The teaser to the forthcoming Blade Runner sequel provides an excellent opportunity to gauge how we've progressed in the last 36 years of filmmaking, as well as a reminder to keep our expectations in check.
So, they want you to shoot a sequel to Blade Runner, then. No pressure.
The current teaser for the Blade Runner sequel naturally doesn't give much to go on, but it does raise a few thoughts about the changes that have happened in filmmaking in the last thirty-six years. The original film, at least in terms of its visuals, was a triumph of suggestion. It was certainly big enough to be genuinely impressive and to allow Blade Runner to show us its famous Stygian city, but the genius was that it engaged beautifully with the hindbrain and implied a lot more than was really there. "Dark, wet, smoke," says Scott, in interviews. The film looks good because it seeds the viewer's limitless imagination with information about the world and lets the dark, wet and smoke provide a canvas for that imagination to fill with detail that isn't really there.
This approach to filmmaking allows for (or rather, relies on) the viewer's participation. Famously, nothing shown literally in a horror movie is as frightening as the viewer's own imagination. Similarly, nothing is as expansive, as detailed or as perfect as a world built by the viewer's imagination.
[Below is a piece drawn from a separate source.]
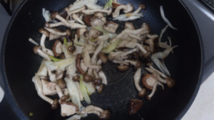 しんなりとしたら、しめじ、しいたけ、塩1つまみを加えて中火で炒めます。

There's risk, though. Now, it's much easier to leverage modern visual effects, which can create effectively anything the director can describe, and be specific about how the world appears. The problem is that the budget is never as big as the imagination and our own ideas of what seems right will always seem most appropriate to us.
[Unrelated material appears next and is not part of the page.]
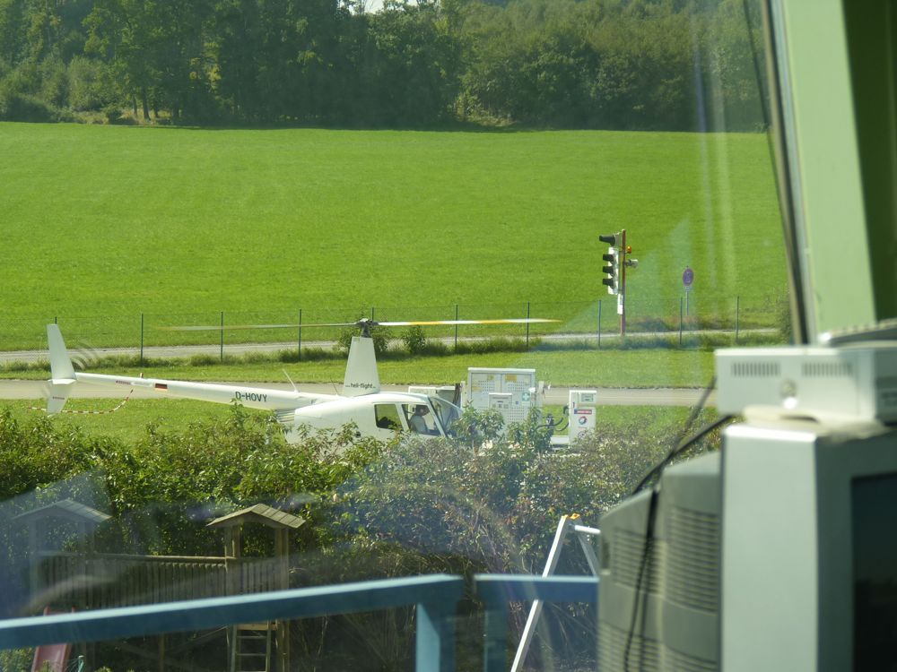 Сели на заправку в Йезенванг (рядом с Мюнхеном). Поперек ВПП (в торце) идет автодорога, и во время захода на посадку дисп на светофоре включает красный. Машины стоят и пропускают. На картинке как раз виден светофор

That was the approach of the original, and it is truly majestic.
Any attempt to rescale those heights of majesty is fraught with difficulty and one of the key metrics of success for any sequel would be how successfully that's done. To be fair, there are composites in the original film which don't work quite well enough to completely satisfy modern audiences and nobody can seriously object to the use of CG in those instances. To indulge in a moment of over-analysis, in the teaser, the scope of the city shots we do see is relatively restricted and there is refreshingly little attempt to wow the audience with expansive skylines and overarching vistas, which are now almost trivially easy to computer generate. That sort of thing isn't the point of good science fiction.
Technically, there is some divergence from the original, with spherical rather than anamorphic photography (though a cinemascope presentation) and digital rather than film origination. Trying to succeed through duplication is a fool's errand, though. Nobody would expect to catch the same magic in the same bottle a second time. The target, to coin a phrase, ought to be compatible magic and, based on the handful of shots in the teaser, it's hard to object.
Some people will never be happy with a sequel to such a great, which is curmudgeonly. Of course, we can tell nothing of the writing at this point, but it's worth revisiting the idea that, while the original film was nominated for (and won) many awards for cinematography, production design, costume and other visual contributions, it was never a contender for best screenplay. It's also widely misinterpreted as an action-adventure film, which is probably why it's been described as slow. Whether the sequel maintains the same tone and risks the same misconception, we'll find out at the end of next year.